By the fall of 1864, hints of the ultimate outcome of the American Civil War could be discerned. For Regina Shober Gray,[1] the period was also marked by worry about her family members’ health; she looked for consolation to the minister of King’s Chapel,[2] and did not always find it.
61 Bowdoin Street, Boston, Sunday, 23 October 1864: A splendid autumn day – Mary & Frank [Gray][3] are at church and the younger boys[4] I have just sent off for a walk – they are none of them right well. It is distressing to see the healths run down, as soon as school begins; and yet we do not let them over work there; and if we keep them away from school the time hangs so very heavy on their hands…
It is very evident my poor brother John [Shober][5] will never be any better than he is now. His memory does not rally from its confusion at all; but happily, he is gentle and calm, and in the main content, except when now & then a sort of painful consciousness of his own mental failure comes over him momentarily. He is so sweet spoken and lovable, so affectionate to all that it is a real though mournful pleasure to be with him. His life is so important and precious to them as the head of the family – he is at once main-spring & balance wheel there – and we know there are elements of discord,[6] now kept in abeyance through respect and consideration for him that may hereafter, when he is beyond our love, spring into active life. His life, wreck though it is now, is still invaluable to us all.

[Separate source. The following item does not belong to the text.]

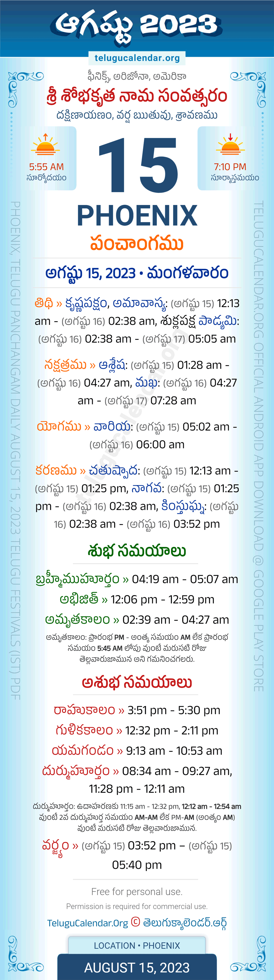Download » August 15, 2023 » Phoenix (USA) Telugu Panchangam Daily Sheet with Auspicious and Inauspicious Timings.

Susan [Shober]’s[7] health too gives a deal of anxiety. She is certainly more invalided and suffering of late – and Mary [Shober][8] is poorly though she will not acknowledge it – and it distresses us so, that we can not induce her to go out of the house. If she would but walk daily for a half hour round Rittenhouse Square, whence she could be summoned at a moment’s warning, it would do some good – but she will not; and has not left the house for six months!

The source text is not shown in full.